EXERCISE —
Print every line of the material below exactly as it stands, but omit the pictures.

PROVIDED MATERIAL —
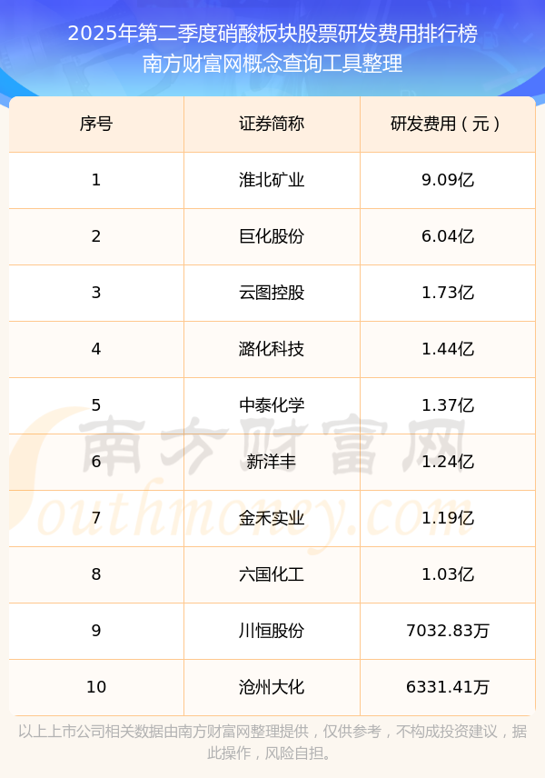 2025年第二季度硝酸板塊股票研發(fā)費用排行榜如下:淮北礦業(yè)(600985)研發(fā)費用總額高達(dá)9.09億,巨化股份(600160)和云圖控股(002539)分別排名第二和第三,潞化科技(600691)、中泰化學(xué)(002092)、新洋豐(000902)、金禾實業(yè)(002597)、六國化工(600470)、川恒股份(002895)、滄州大化(600230)分別進(jìn)入前十,其研發(fā)費用總額分別排名第4-10名。
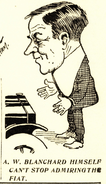 There was a second Brooklyn Automobile Show at the 23rd Regiment Armory the following year, from February 24th to March 2nd. A.W. showed Fiat and Case cars. Here's a caricature of him that appeared in the February 28th issue of the Brooklyn Daily Eagle.
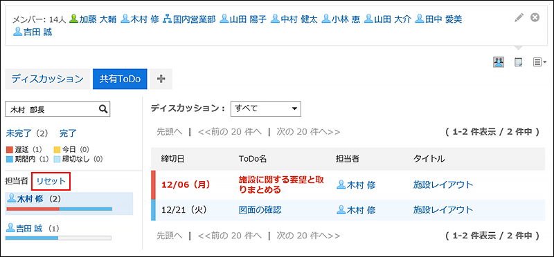 「共有ToDo」画面で、担当者一覧に表示されている担当者を絞り込みます。

SOLUTION TO THIS EXERCISE —
 2025年第二季度硝酸板塊股票研發(fā)費用排行榜如下:淮北礦業(yè)(600985)研發(fā)費用總額高達(dá)9.09億,巨化股份(600160)和云圖控股(002539)分別排名第二和第三,潞化科技(600691)、中泰化學(xué)(002092)、新洋豐(000902)、金禾實業(yè)(002597)、六國化工(600470)、川恒股份(002895)、滄州大化(600230)分別進(jìn)入前十,其研發(fā)費用總額分別排名第4-10名。
 There was a second Brooklyn Automobile Show at the 23rd Regiment Armory the following year, from February 24th to March 2nd. A.W. showed Fiat and Case cars. Here's a caricature of him that appeared in the February 28th issue of the Brooklyn Daily Eagle.
 「共有ToDo」画面で、担当者一覧に表示されている担当者を絞り込みます。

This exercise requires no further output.